@John Laurence Syโ :
It sounds like you are encountering a schema conversion error when trying to read in a Parquet file that contains an INT64 column that cannot be converted to a string type. This error can occur when the Parquet file has a schema that is incompatible with the expected schema of the Spark DataFrame.
One possible solution is to explicitly specify the schema of the Parquet file when reading it into a Spark DataFrame using the schema parameter of the spark.read.parquet() method. This will ensure that the Parquet file is read in with the correct schema and any type conversion errors are avoided.
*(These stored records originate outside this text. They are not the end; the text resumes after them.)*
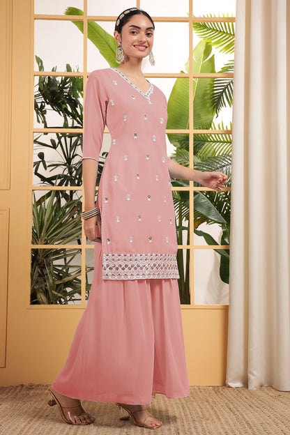Step into vibrant traditions with our handcrafted Light Pink Georgette pakistani sharara suit. This stunning outfit features delicate embroidery work across the design, paired beautifully with a complementary net dupatta, making it perfect for special formal occasions. Whether attending a wedding or celebrating an Engagement, this traditional designer sharara offers both elegance and cultural charm. Enhance your wardrobe and immerse yourself in a look that's both captivating and timeless.
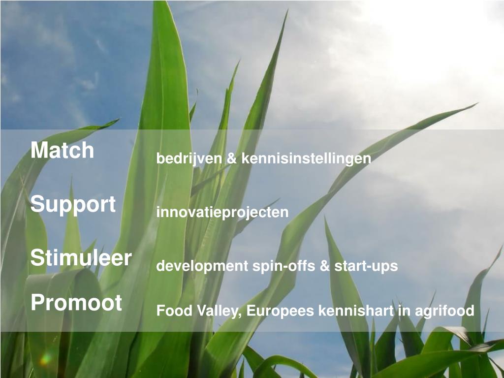 Match bedrijven & kennisinstellingen • Support innovatieprojecten • Stimuleer development spin-offs & start-ups • Promoot Food Valley, Europees kennishart in agrifood
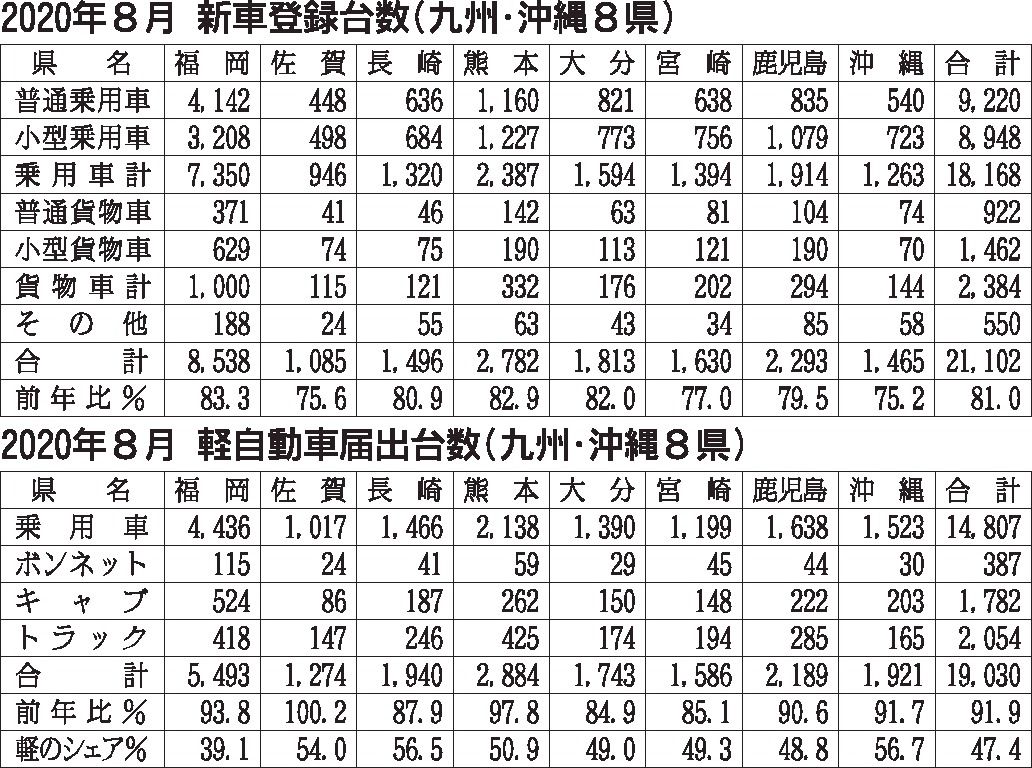 九州・沖縄地区の8月の新車販売台数は前年同月比14・2%減の4万132台となり、11カ月連続で前年実績を下回った。登録車は前月より減少幅が縮小したが、依然2桁のマイナス。前月は10カ月ぶりにプラス転換した軽自動車も微減ながら前年割れした。...
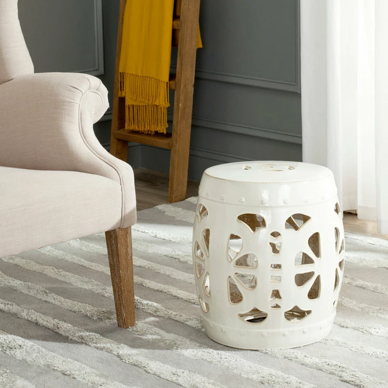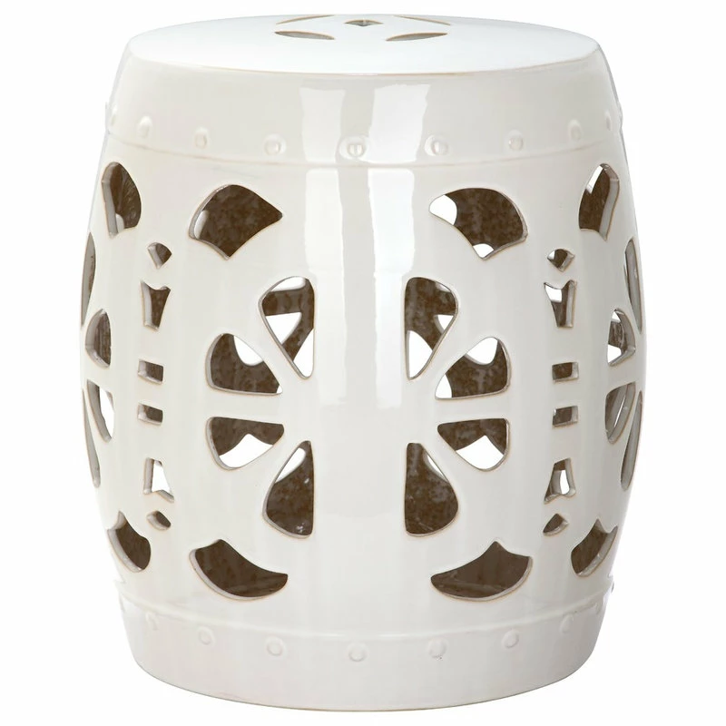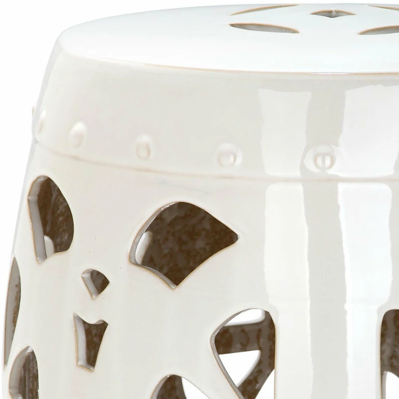 An over-scale pierced cutout creates a bold contemporary statement in the glazed ceramic Stencil Blossom Garden Stool. Inspired by the gates guarding imperial Chinese royalty, this beautiful stool gives any space a designer’s finishing touch.
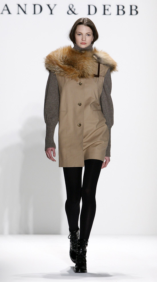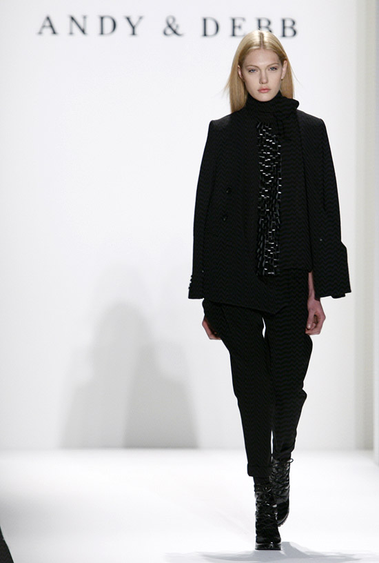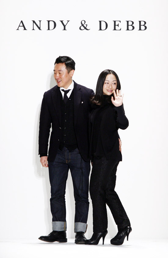 Andy Kim and Debbie Yoon, husband and wife designers of Andy & Debb, presented a mixture of textured, sequined, and metallic garments as their fall 2010 collection.
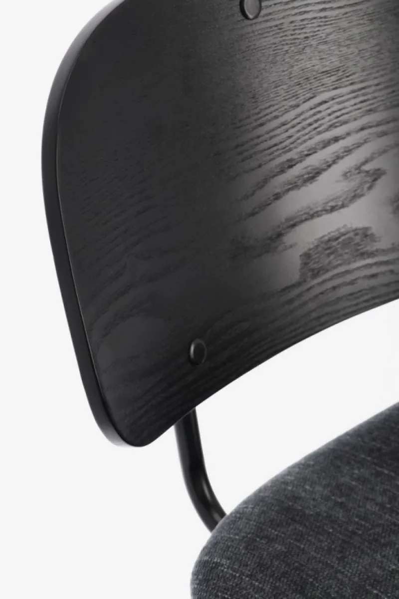 STRUTTURA IN ACCIAIO VERNICIATA A POLVERE EPOSSIDICA. SCHIENALE IN COMPENSATO IMPIALLACCIATO LEGNO DI PIOPPO. SEDUTA IN COMPENSATO CON RIVESTIMENTO IN 100% POLIESTERE. DA ASSEMBLARE.
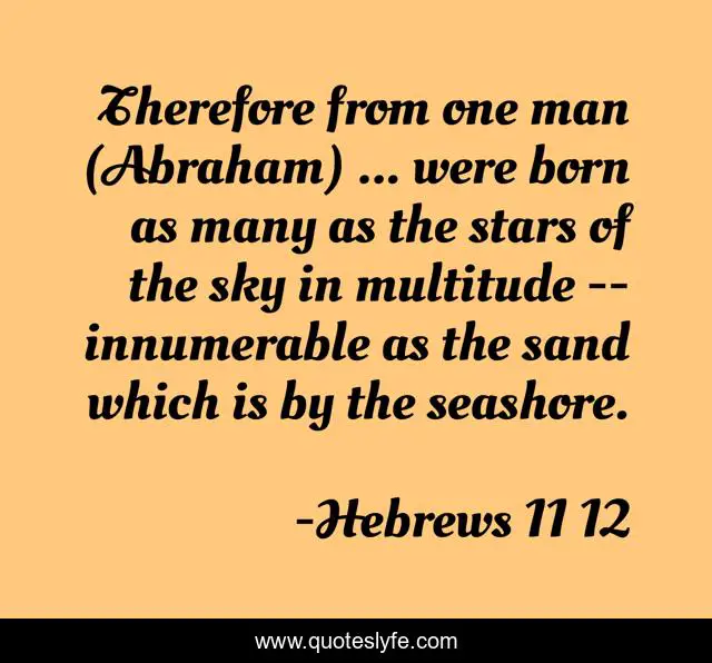 This page presents the quote "Therefore from one man (Abraham) ... were born as many as the stars of the sky in multitude -- innumerable as the sand which is by the seashore.". Author of this quote is Hebrews 11 12. This quote is about bible, scripture, inspirational-religious,.
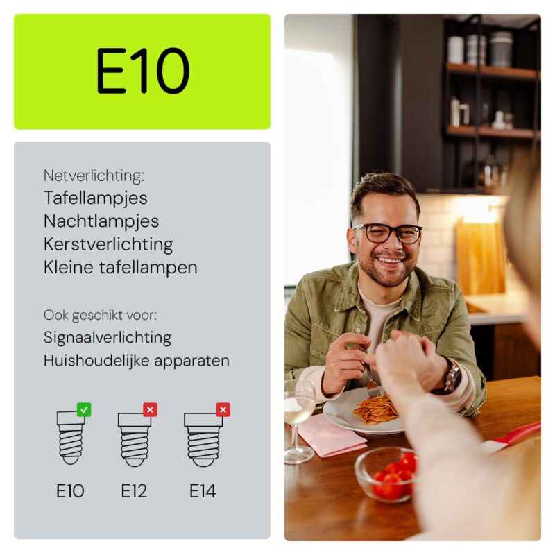 De miniatuur signaallamp E10 is een compacte gloeilamp die geschikt is voor diverse toepassingen zoals apparatuur, instrumentpanelen en indicatorlampjes. Met een diameter van 10 mm en een lengte van 28 mm, biedt deze lamp een warm wit licht van 2500K. De lamp is dimbaar, waardoor het mogelijk is om de lichtintensiteit aan te passen aan de specifieke behoeften van de gebruiker.
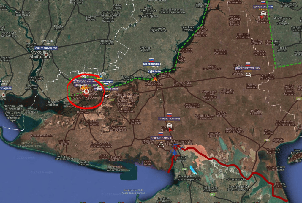 O ρώσικος στρατός μπήκε στην πόλη Χερσώνα.. ενώ πολυπληθείς δυνάμεις Ρώσων είναι προ των πυλών του Κιέβου αρχικό στρατηγικό στόχο της επιχείρησης. Οι Ρώσοι Πεζοναύτες της 74ης Μονάδας κατέλαβαν και το αεροδρόμιο της Χερσώνας στη Νότια Ουκρανία.
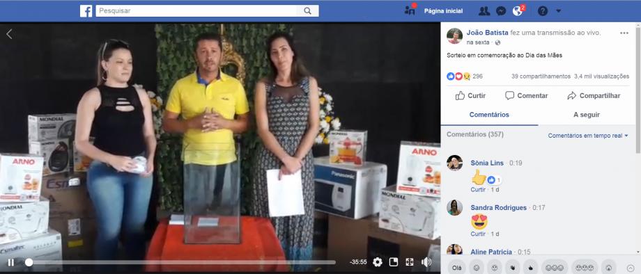 em tempo real através do facebook, João Batista sorteou 15 prêmios para as mães
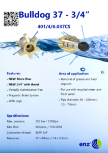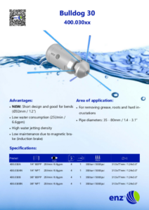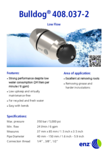 La buse rotative enz® Bulldog® a été conçue pour fonctionner avec de l’eau recyclée et de l’eau douce. Le palier coulissant astucieusement construit permet l’utilisation de tous types d’eau recyclée. Un système de freinage intégré sans huile entraîne une faible usure et un nombre de rotations contrôlé. Cela permet d’obtenir un nettoyage des tuyaux à la fois efficace et économique. Le diamètre de l’orifice de la buse détermine la taille maximale des particules de saleté pouvant passer, jusqu’à Ø 1 mm.
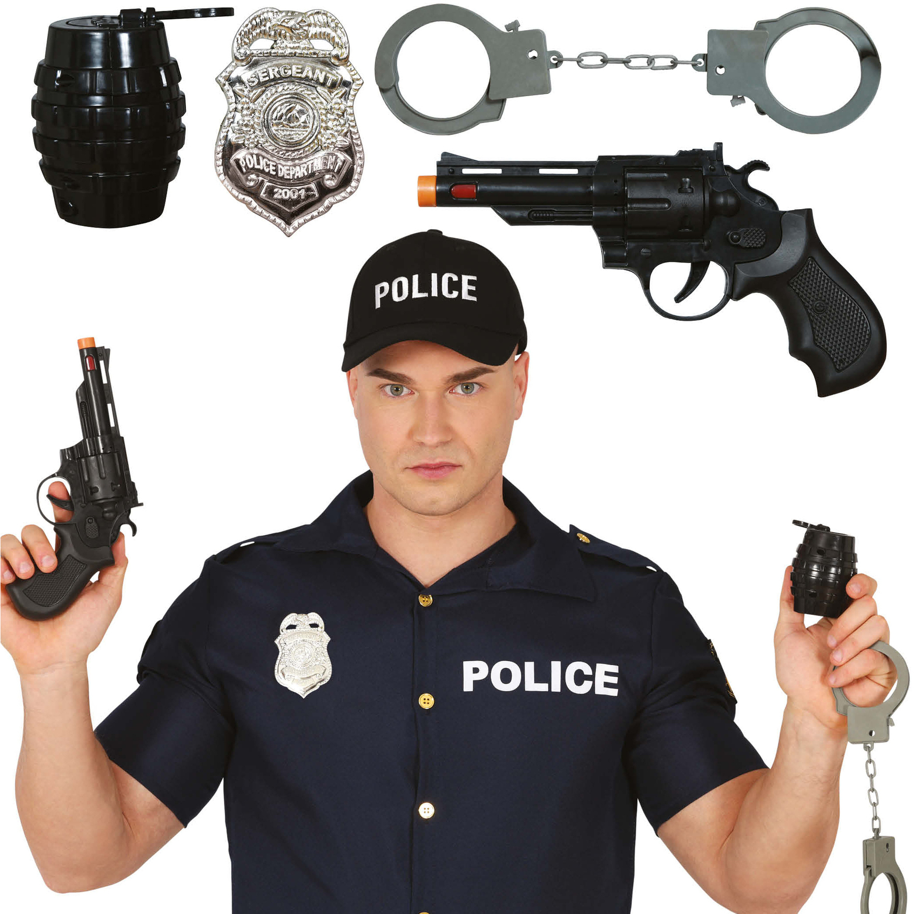 • Comprend: grenade factice, badge, menottes et pistolet-jouet.
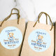 Beary first boys birthday party favour thank you stickers, watercolor cute teddy bear dressed up in pant and a bow tie holding a blue balloon party favour stickers blue brown and white.
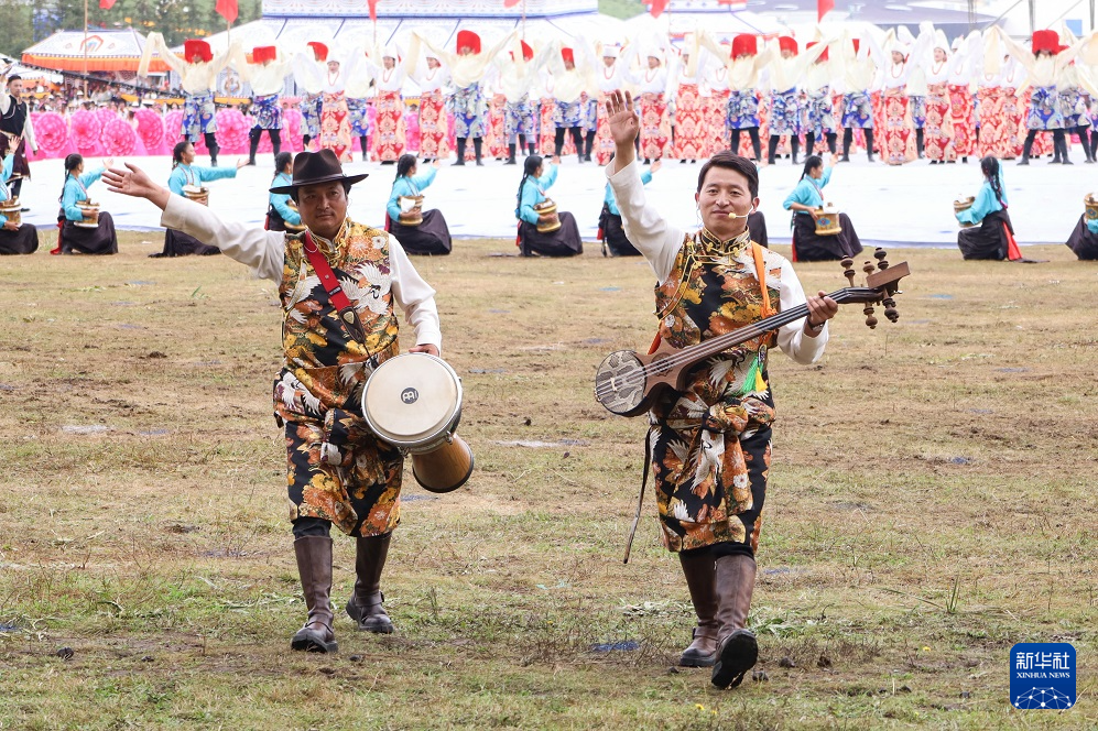 8月10日,演员在甘南藏族自治州成立70周年庆祝大会上表演节目。新华社记者 马希平 摄
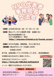 【2/20】NPO代表者・事務局長交流会【岡山NPOセンター】
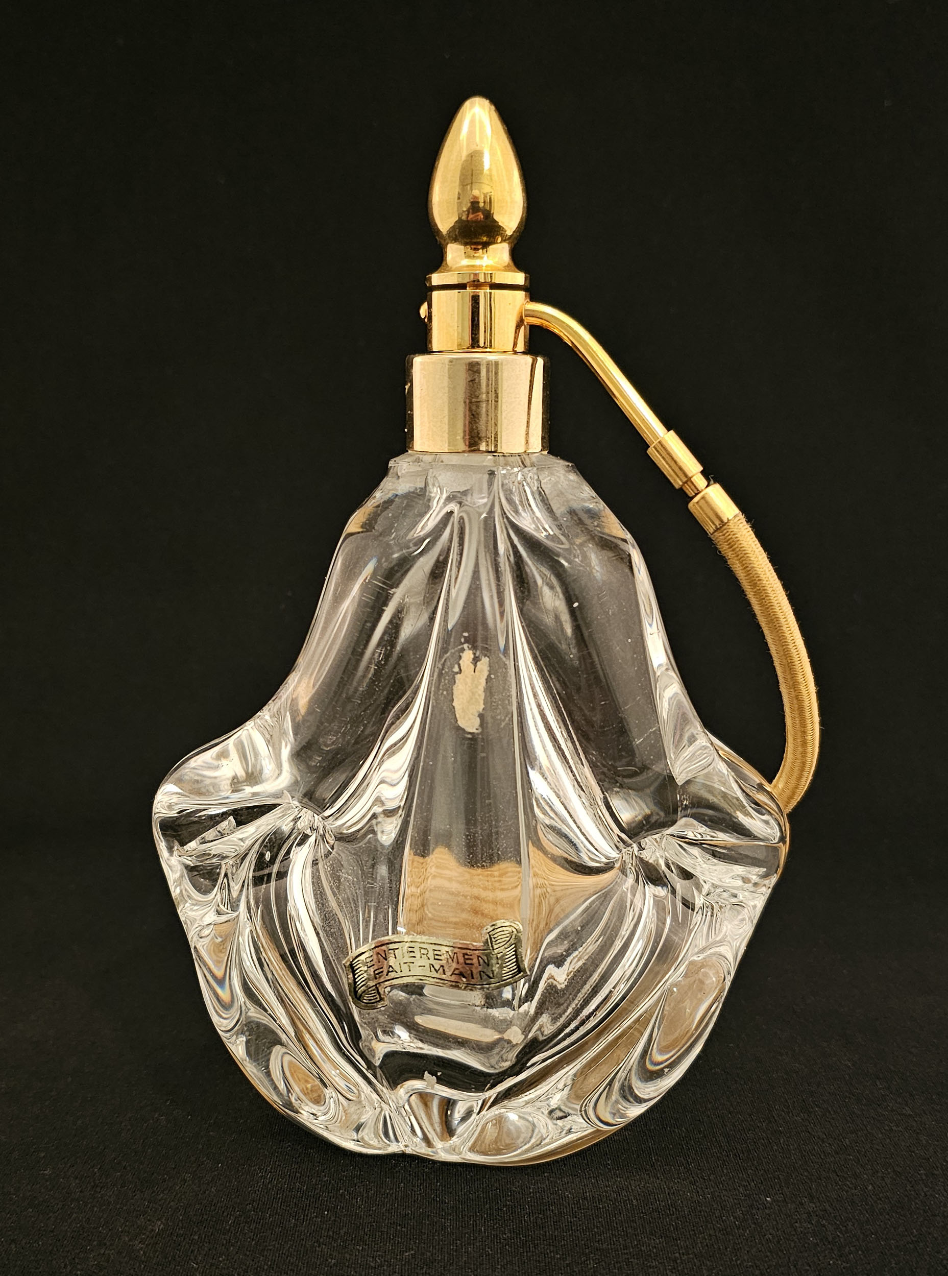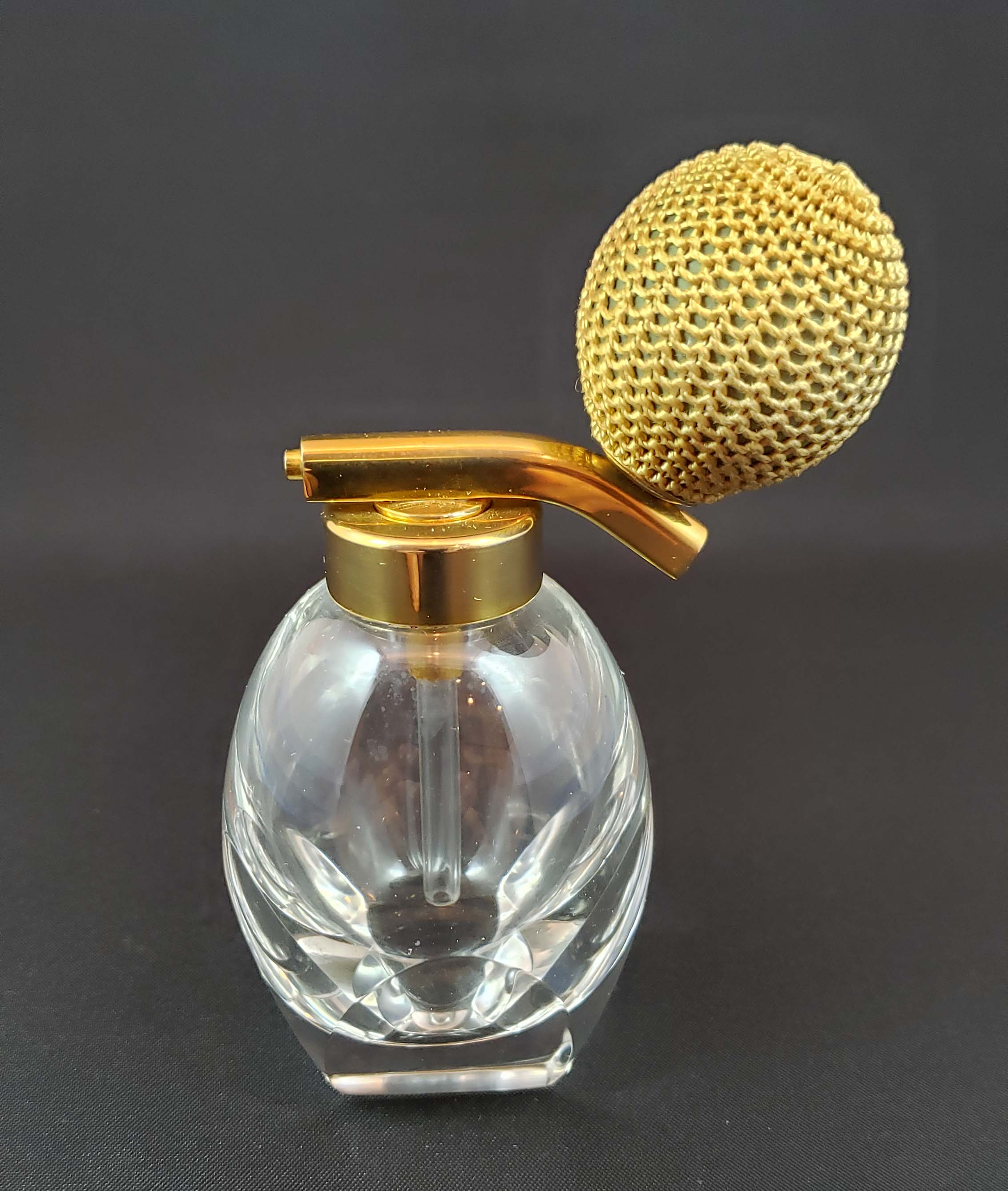 DeVilbiss Perfume Atomizer, Mid Century Modern from DeVilbiss 1968 catalog. Heavy Crystal Bottle by Waltersperger, France - a very high quality glassmaker. Never used and in mint condition. DeVilbiss model 2000-23 from their 1968 catalog. DeVilbiss label on bottom, gold foil Waltersperger label "Entierement Fait Main" (enti... (more)
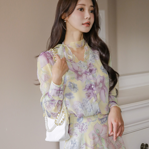 Blossom 雪纺 波浪卷 蝴蝶结 罩衫

For example:
python
from pyspark.sql.types import StructType, StructField, LongType, StringType
# Define the schema of the Parquet file
schema = StructType([
StructField("int_column", LongType(), True),
StructField("string_column", StringType(), True)
])
# Read in the Parquet file with the specified schema
df = spark.read.parquet("s3://path/to/parquet/file", schema=schema)
In this example, the schema of the Parquet file contains an INT64 column and a string column, which are explicitly defined using the StructType and StructField classes. The LongType() and StringType() functions are used to define the data types of the columns.
Alternatively, you can try converting the INT64 column to a string column in the Parquet file itself before reading it into Spark. This can be done using tools like Apache Arrow or Pandas. Once the column is converted, the Parquet file can be read in normally without encountering any schema conversion errors.
I hope this helps! Let me know if you have any further questions.